Ребята маленькие, все почти были с тридцать шестого года, а
я-то лоб, балда, надо было чисто сработать, а я со страху прямо к бутылкам
полез, и ребята за мной.
Все равно другой такой ночки у меня в жизни не было, да и не
будет. Мы лежали на полу, и хлестали шоколадный ликер, и прямо руками хватали
икру, и все было липким вокруг и сладким, и прямо была сказка, а не ночь, и так
мы все и заснули там на полу, а утром нас там и взяли, прямо тепленьких.
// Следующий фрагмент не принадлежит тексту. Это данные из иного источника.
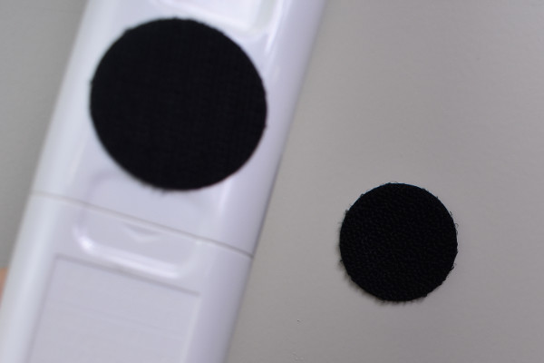 続いて硬い方のファスナーを、同じ要領でエアコンのリモコンに接着。先ほど壁につけたファスナーとリモコンにつけたファスナーを合わせれば、リモコンが壁に固定されました。少し力をくわえて引っ張ると、「ベリベリ」と引きはがせますよ。

И поехал я, Петя, из Питера осваивать Дальний Север. Жизнь
моя была полна приключений с тех пор, как я себя помню, а с каких пор я себя
помню, я и сам не знаю. Иногда мне кажется, что тот, кого я помню, это был не
я. И вообще, что такое, вот выпили мы сегодня в складе, и этого уже нет; вот я
сигаретку гашу, и этого уже нет, а впереди темнота, а где же я-то?
Тут такой сон находит, что просыпаешься от стука, будто
чокнутый, будто тебя пыльным мешком из-за угла хлопнули, страх какой-то,
хочется бежать.
– Эй, Корень, тебе повестка пришла, – сказали из
коридора. Понятно, шуточки, значит. Так надо понимать, что в парикмахерскую мне
пришла повестка. – Слышь, Корень, повестка тебе!
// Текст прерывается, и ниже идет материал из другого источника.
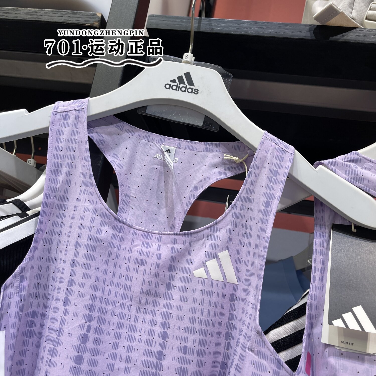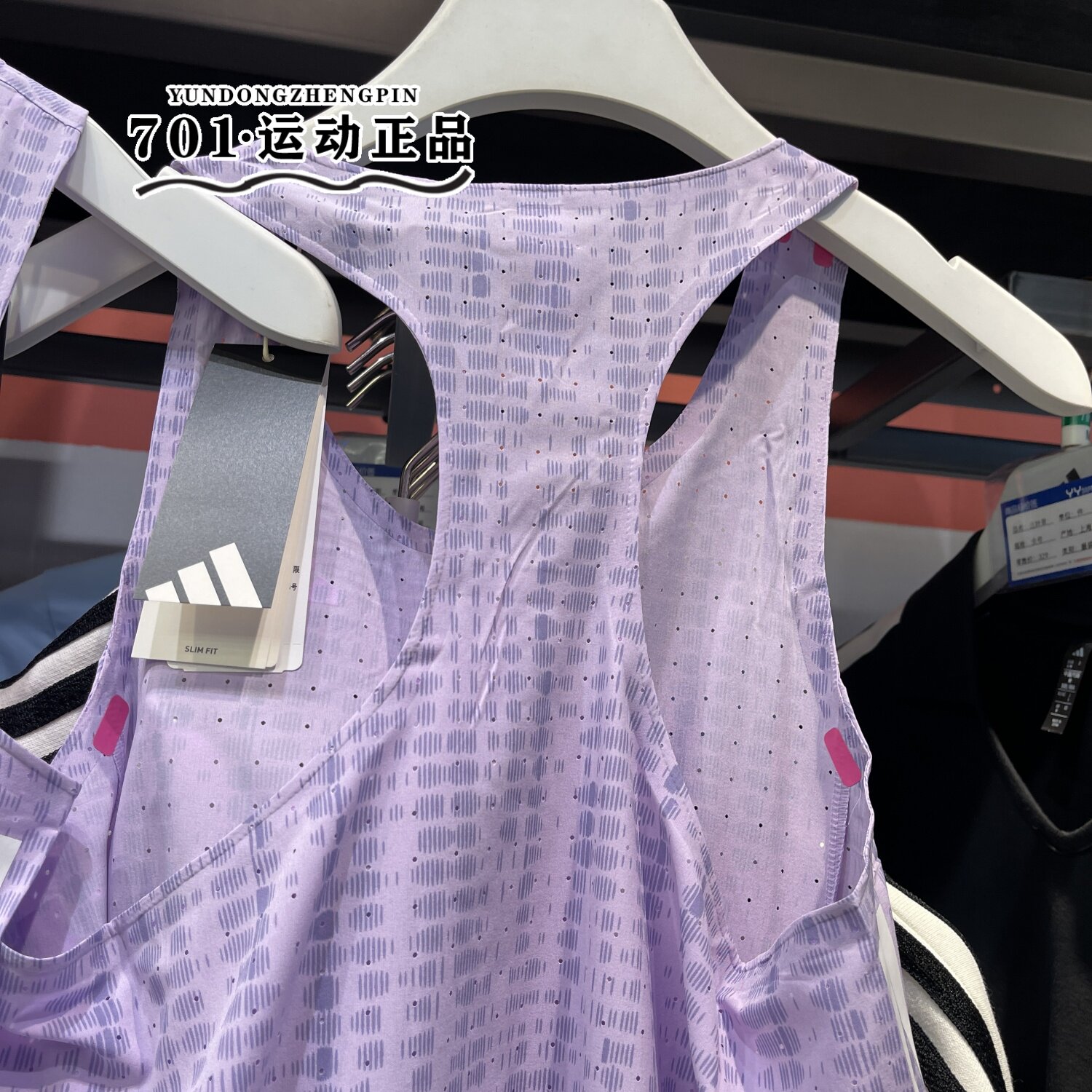 正品阿迪达斯女子三条杠网眼透气马拉松运动速干背心T恤 JV7157

– Сходи с этой повесткой куда-нибудь, – ответил
я, – и поменьше ори: тут Петечка спит.
А может, в милицию повестка? Вроде бы не за что.
Я встал и взял повестку. Это был вызов на телефонную
станцию, междугородный разговор. Ничего не понимаю, что за чудеса?
Я пошел в умывалку и сунул голову под кран. Струя била мне
по темени, волосы нависли над глазами, мне было знобко и хорошо, так бы весь вечер
и просидел здесь, под краном.
Потом снова прочел повестку. «Приглашаетесь для разговора с
Москвой». И тут я понял – это штучки моего папаши. Ишь ты, профессор, что
выдумал! Мало ему писем и телеграмм, так он еще вот что придумал – телефонный
переговор.
Папаша мой нашелся год назад, верней, он сам нашел меня.
Честно, Петька, я раньше даже в мыслях не держал, что у меня где-то есть пахан.
Просто даже не представлял себе, что у меня кто-нибудь есть, папа там или
кто-нибудь еще.
Оказывается, жив он, мой папаша, профессор по званию, член
общества какого-то, квартира в Москве, понял? Он у меня в тридцать седьмом году
загремел и шестнадцать лет, значит, на Колыме припухал. Рядом мы, значит, с ним
были три года – я на Нере, а он где-то возле Сеймчана. Не любил я тогда этих
контриков. Вот суки, думал, Родину, гады, хотели распродать япошкам и фрицам.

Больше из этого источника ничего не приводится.